Your objective
Only the text of the entries below should appear in your exact transcription; leave out every picture.
----- Supplied information
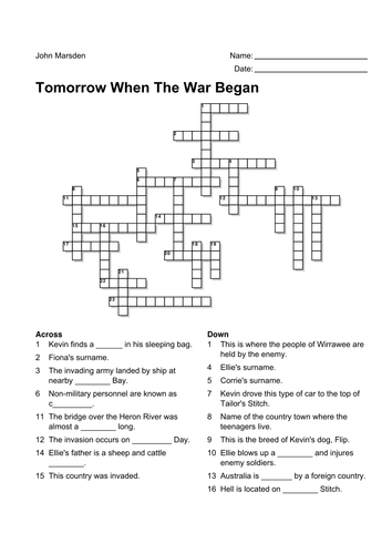 TOMORROW WHEN THE WAR BEGAN Crossword WordMint
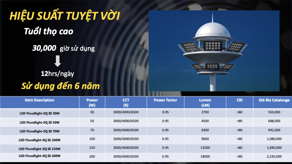 Đèn pha LED EQIII là sản phẩm chiếu sáng ngoài trời mới nhất của OPPLE. Đây là sự lựa chọn lý tưởng để chiếu sáng biển quảng cáo, sân vận động và sân bãi, ngay cả trong môi trường khắc nghiệt, với thiết kế đáng tin cậy vượt trội và chất lượng tuyệt vời.
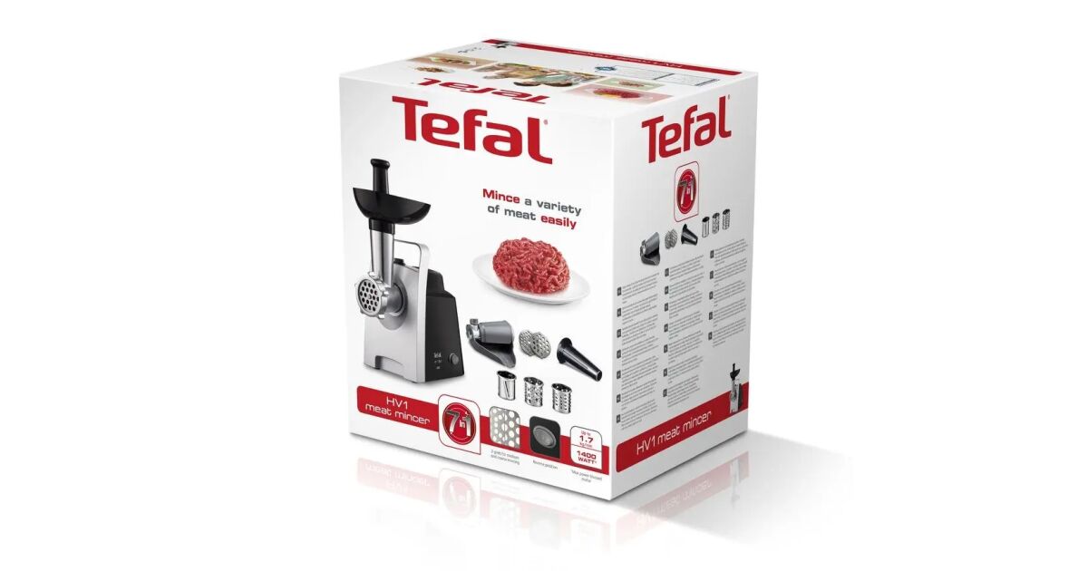 Месомелачка, Tefal NE109838, HV1 7IN 1, 1400W, 1.7kg/min, coulis, 2 grids, shredder 3 drums, handle Descriere
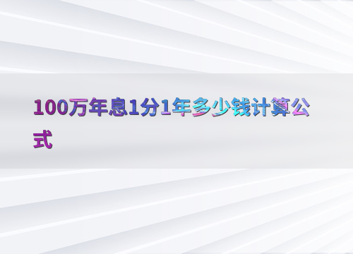 I = 1,000,000 × 0.01 × 1,得出结果为 10,000元。这意味着如果存入100万元,年利率为1%,那么一年后可以获得10,000元的利息收入。
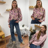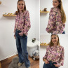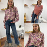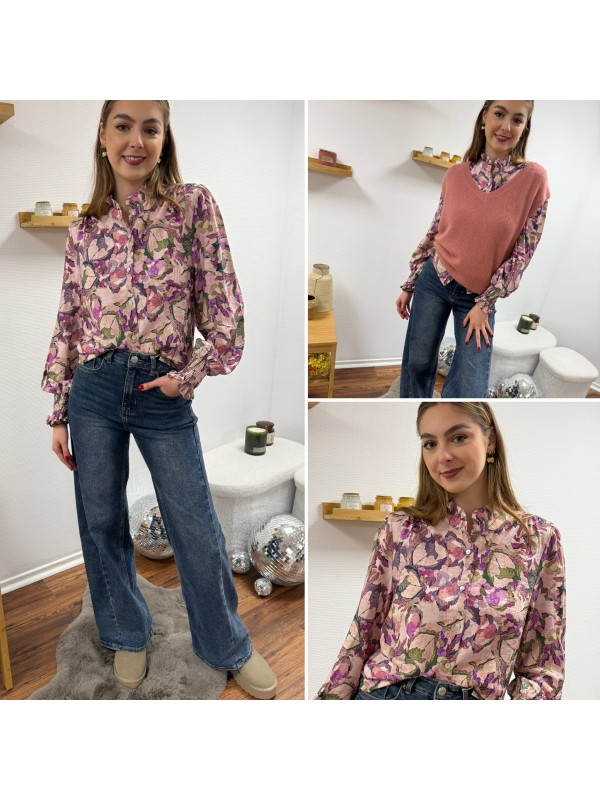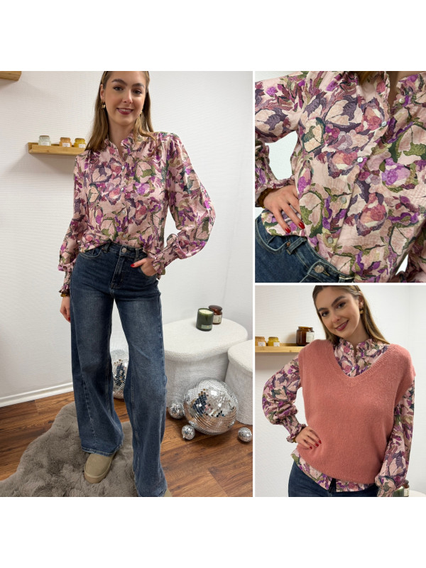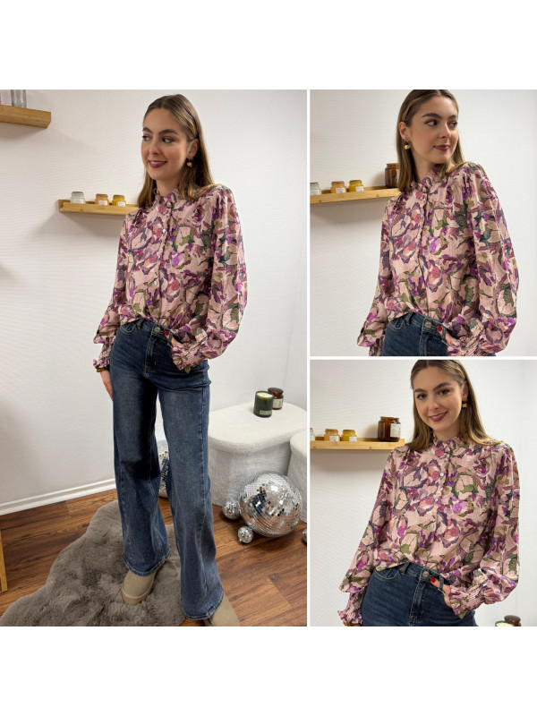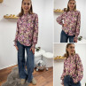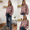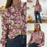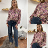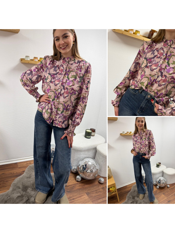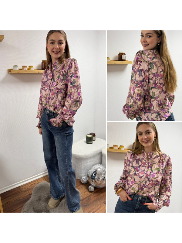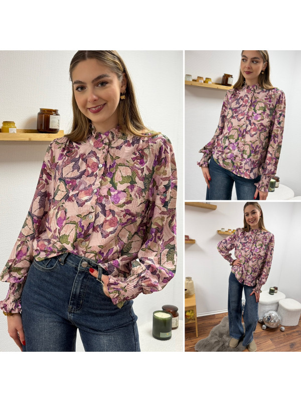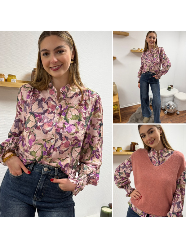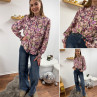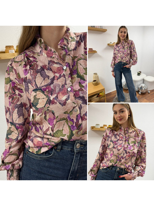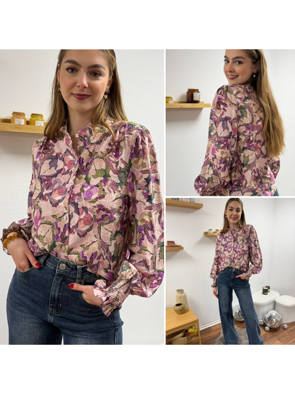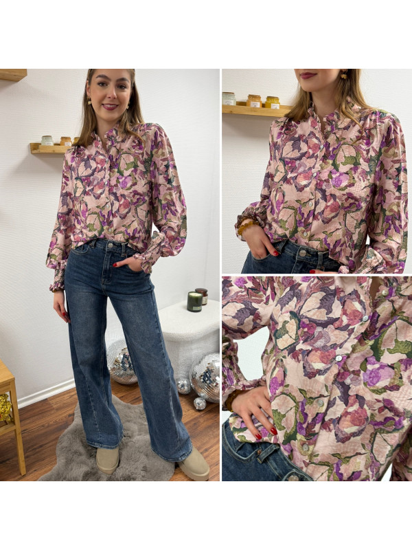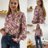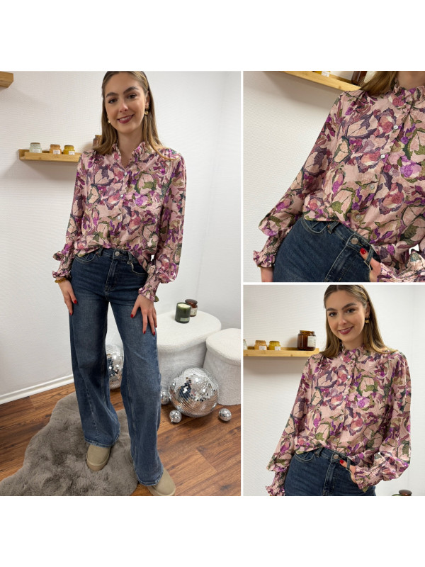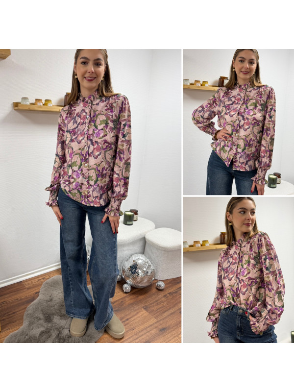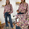 Chemise avec imprimé floral rose,vert et violet et poignets ressérrées
----------
Answer area
 TOMORROW WHEN THE WAR BEGAN Crossword WordMint
 Đèn pha LED EQIII là sản phẩm chiếu sáng ngoài trời mới nhất của OPPLE. Đây là sự lựa chọn lý tưởng để chiếu sáng biển quảng cáo, sân vận động và sân bãi, ngay cả trong môi trường khắc nghiệt, với thiết kế đáng tin cậy vượt trội và chất lượng tuyệt vời.
 Месомелачка, Tefal NE109838, HV1 7IN 1, 1400W, 1.7kg/min, coulis, 2 grids, shredder 3 drums, handle Descriere
 I = 1,000,000 × 0.01 × 1,得出结果为 10,000元。这意味着如果存入100万元,年利率为1%,那么一年后可以获得10,000元的利息收入。
 Chemise avec imprimé floral rose,vert et violet et poignets ressérrées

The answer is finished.